* [INSTRUCTIONS TO FOLLOW]: Output all of the data exactly as it appears, but leave out any pictures it contains.

* [DATASET EXTRACT]:
──────────
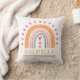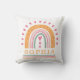 Um brilhante e alegre travesseiro decorativo personalizado para fazer uma menina se sentir especial. Tem uma modelo de texto para personalizar com o nome dela. Um arco-íris brilhante de amarelo-dourado, cor-de-rosa e lacre é cortado em corações cor-de-rosa. A parte traseira do travesseiro tem faixas horizontais largas correspondentes no mesmo esquema de cores delicioso.
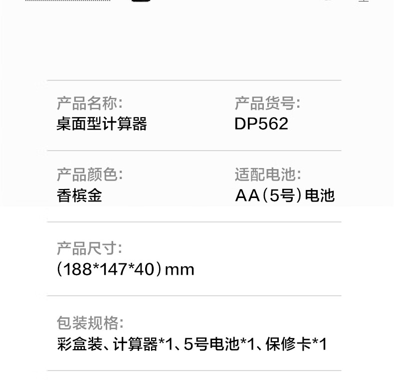 包装清单  :   桌面计算器 DP562 香槟金 台
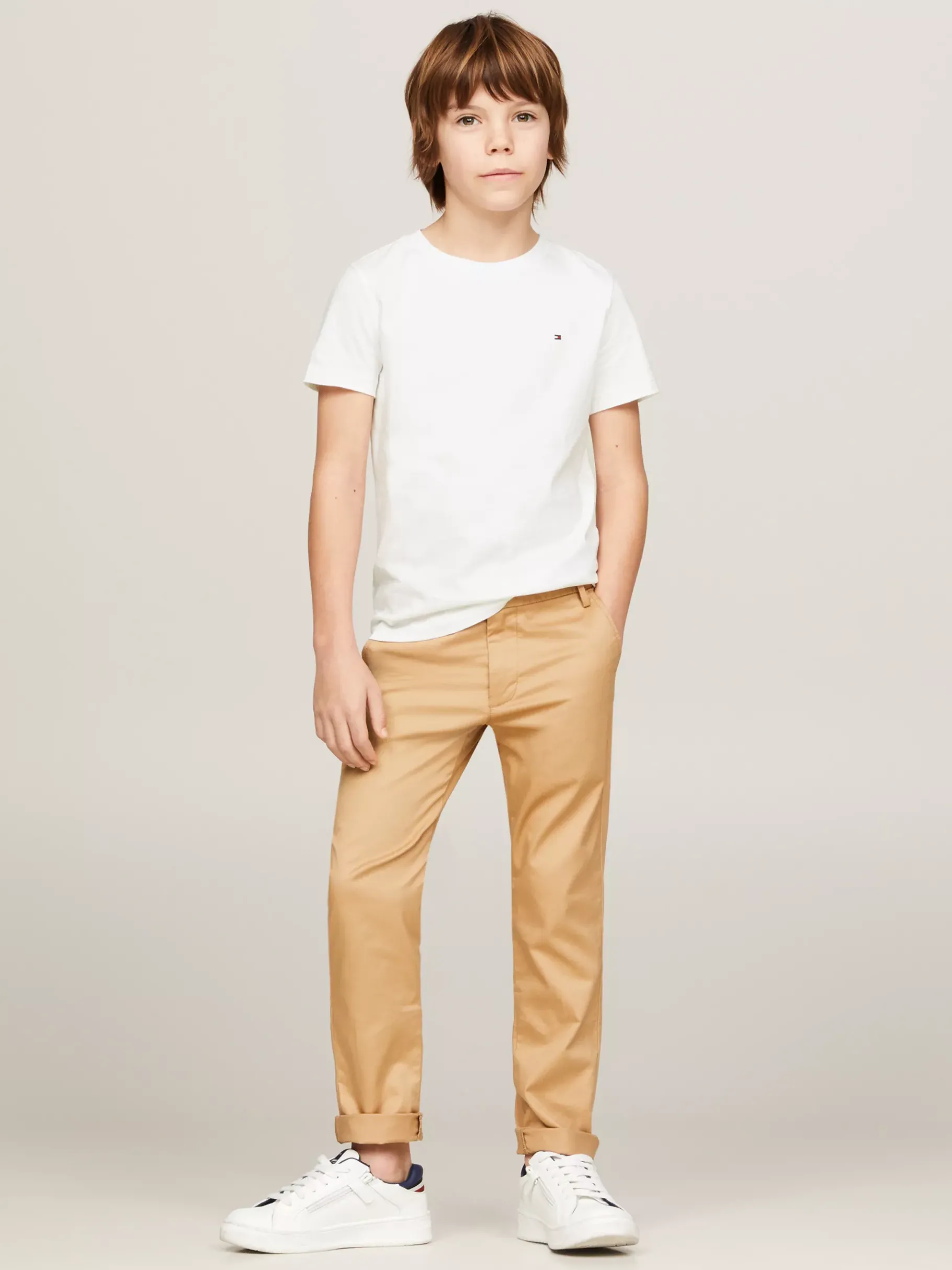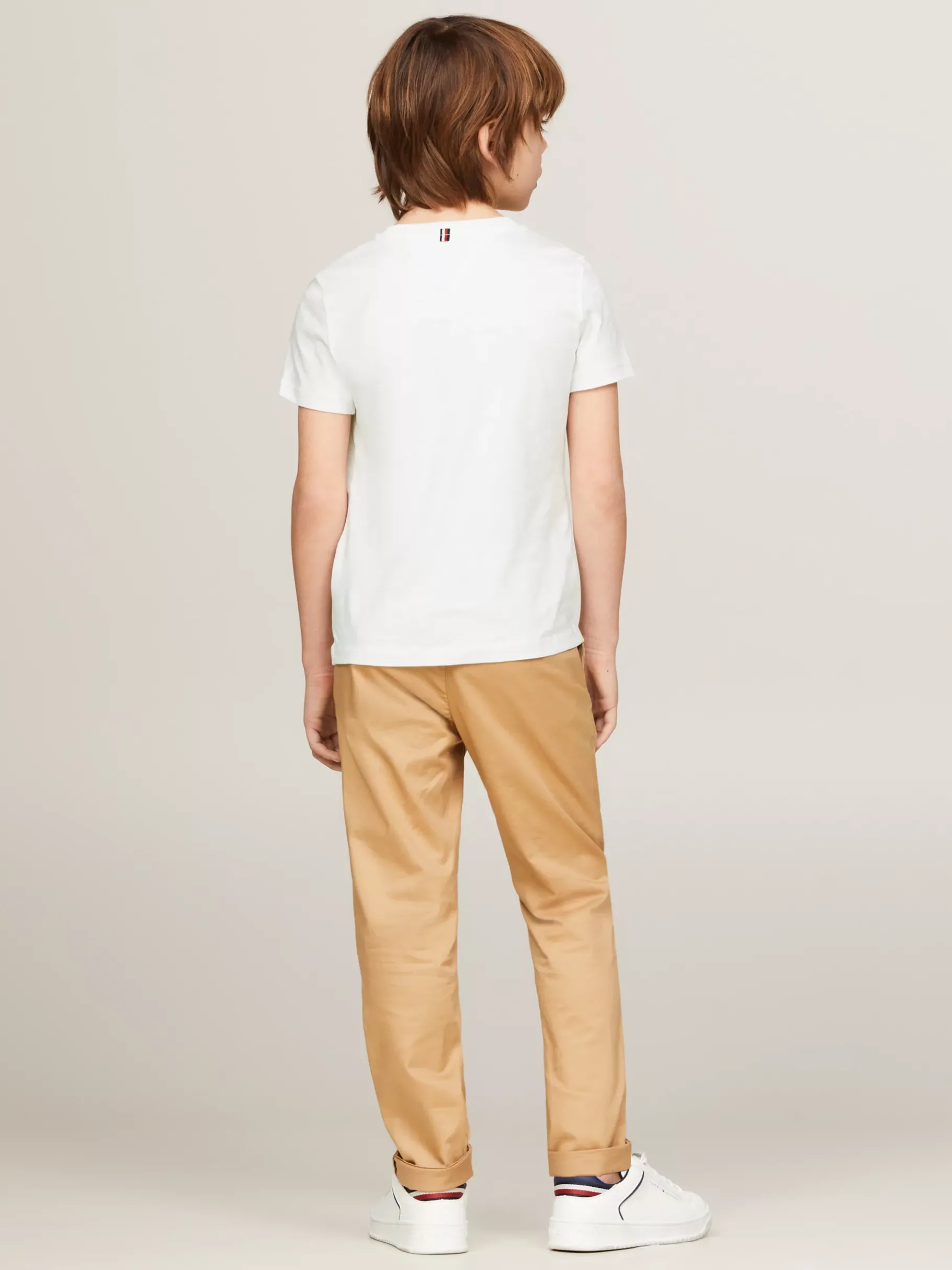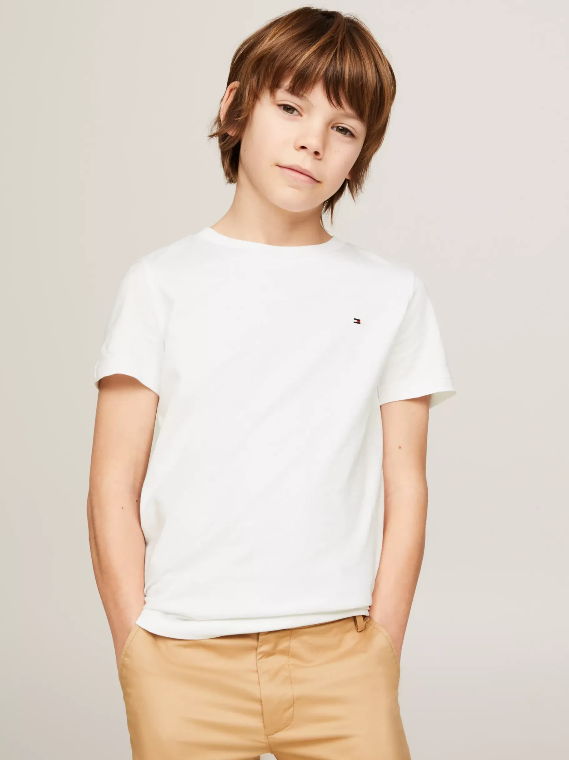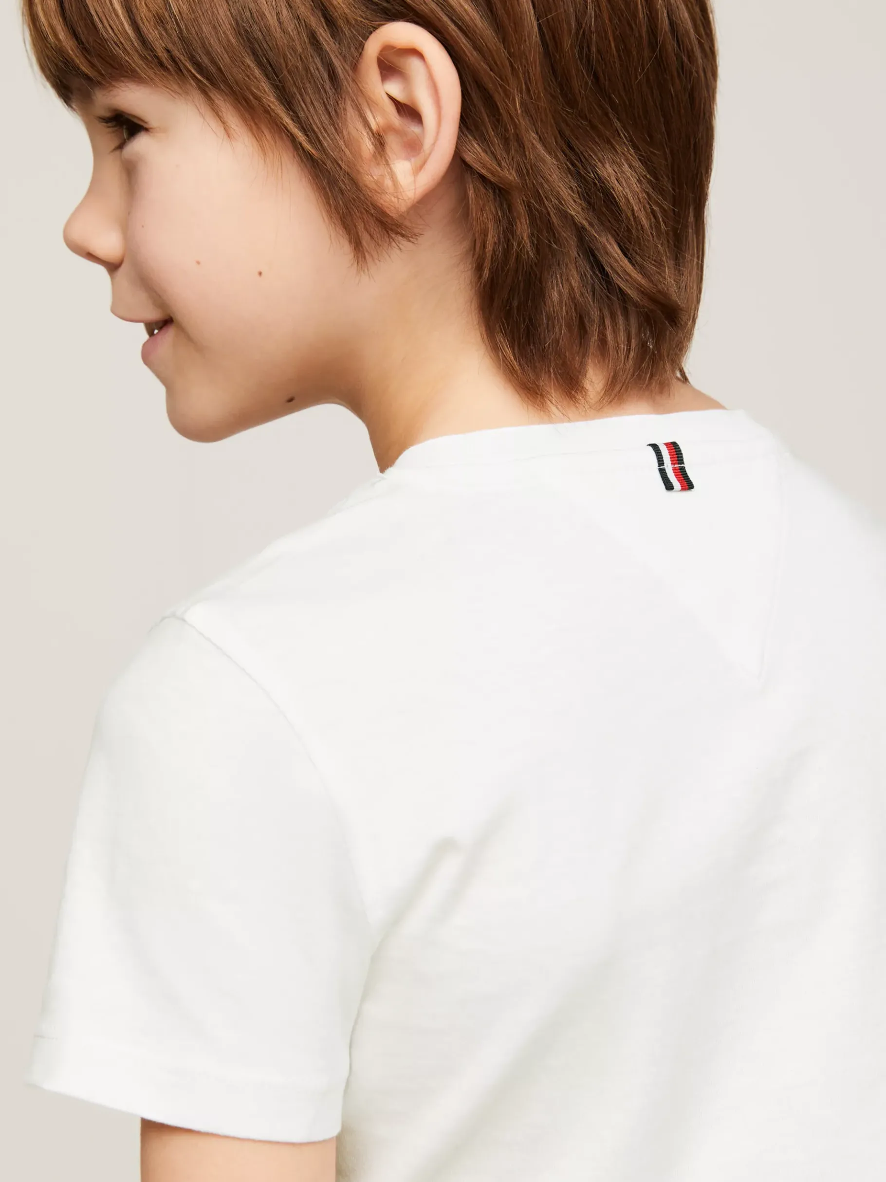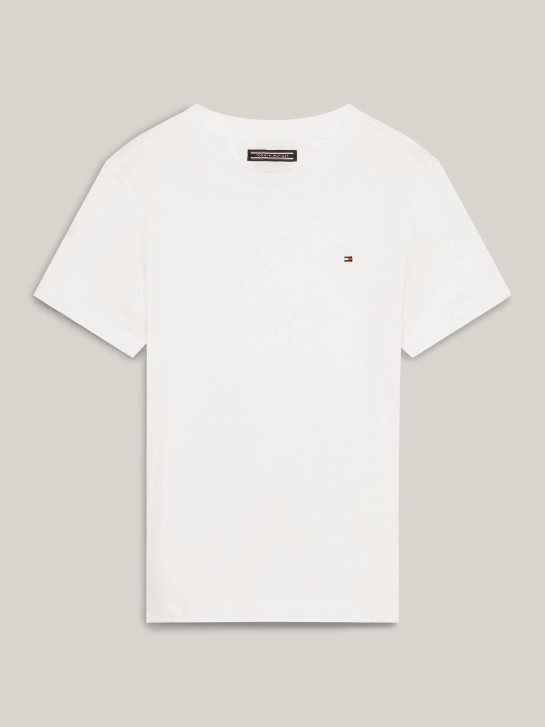 Ein T-Shirt gehört zu fast jedem Outfit und kann unter einem Hemd oder solo zur Jeans getragen werden. Dieses T-Shirt aus nachhaltiger und bequemer Bio-Baumwolle ist eine schicke Interpretation eines Alltags-Kleidungsstücks. Es hat einen Rundhalsausschnitt und auf der Brust eine dezente Tommy Hilfiger Flag.
──────────
* [OUTPUT BELOW]:
 Um brilhante e alegre travesseiro decorativo personalizado para fazer uma menina se sentir especial. Tem uma modelo de texto para personalizar com o nome dela. Um arco-íris brilhante de amarelo-dourado, cor-de-rosa e lacre é cortado em corações cor-de-rosa. A parte traseira do travesseiro tem faixas horizontais largas correspondentes no mesmo esquema de cores delicioso.
 包装清单  :   桌面计算器 DP562 香槟金 台
 Ein T-Shirt gehört zu fast jedem Outfit und kann unter einem Hemd oder solo zur Jeans getragen werden. Dieses T-Shirt aus nachhaltiger und bequemer Bio-Baumwolle ist eine schicke Interpretation eines Alltags-Kleidungsstücks. Es hat einen Rundhalsausschnitt und auf der Brust eine dezente Tommy Hilfiger Flag.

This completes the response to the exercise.